(Supplied information begins)

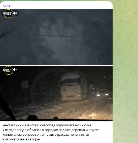 Аномальный майский снегопад обрушился ночью на Свердловскую область. По данным очевидцев, в некоторых городах региона падают деревья и рвутся линии электропередач, а на автотрассах появляются километровые заторы.
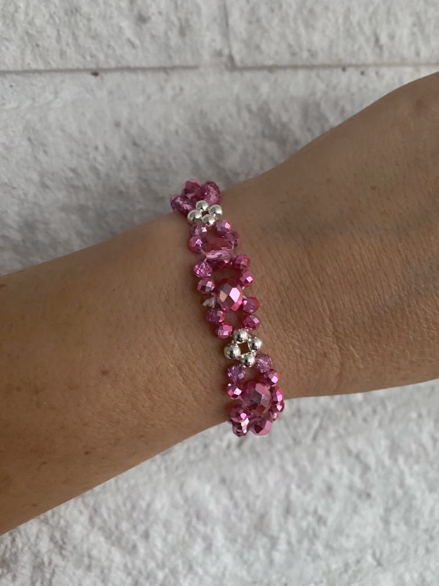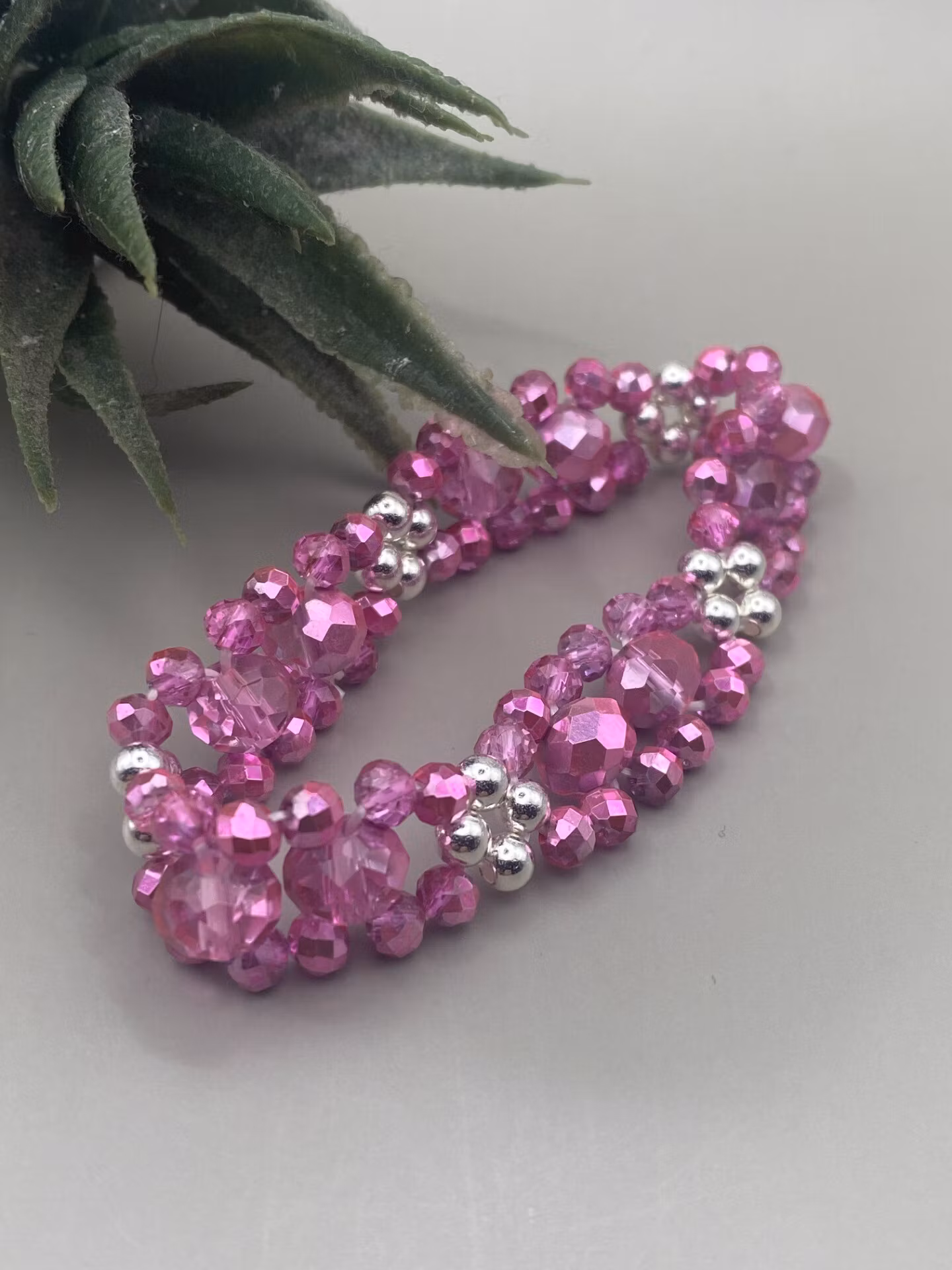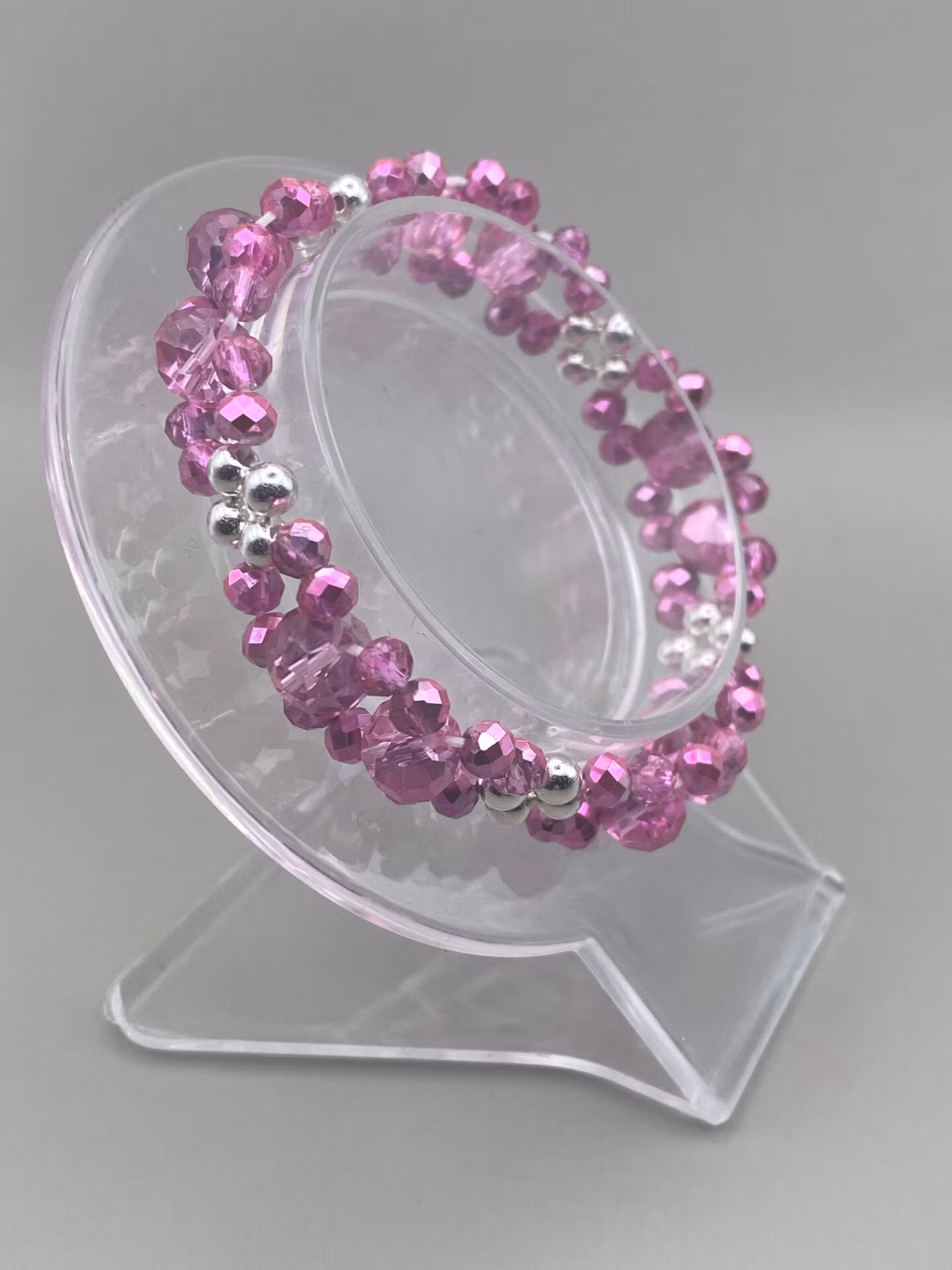 Vackert skimrande treradigt armband av skimrande rosamellerade fasetterade glaspärlor i olika stolekar samt små silverfärgade pärlor
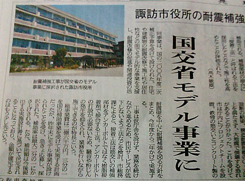 今日の新聞に! 今日の長野日報にこんな記事が!! アローで行っている諏訪市役所の耐震補強工事が、国交省の「住宅・建築物耐震改修モデル事業」に採択されました! -------------------------------------------------------------- ランキングサイトに参加しています↓ バナーをクリックして頂けると大変励みになります! ←にほんブログ村 住まいブログランキング ←人気ブログランキング 建設リフォーム PR
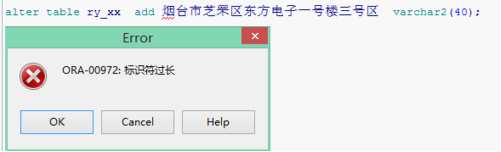 alter table ry_xx add 烟台市芝罘区东方电子一号楼 varchar2(40);如下示例

(Supplied information ends)

Directions for this task
Return exactly the lines that begin with the one containing "住まいブログランキング ←人気ブログランキング 建設リフォーム PR" and end with the final line of the data above; include no pictures.

The completed task
 今日の新聞に! 今日の長野日報にこんな記事が!! アローで行っている諏訪市役所の耐震補強工事が、国交省の「住宅・建築物耐震改修モデル事業」に採択されました! -------------------------------------------------------------- ランキングサイトに参加しています↓ バナーをクリックして頂けると大変励みになります! ←にほんブログ村 住まいブログランキング ←人気ブログランキング 建設リフォーム PR
 alter table ry_xx add 烟台市芝罘区东方电子一号楼 varchar2(40);如下示例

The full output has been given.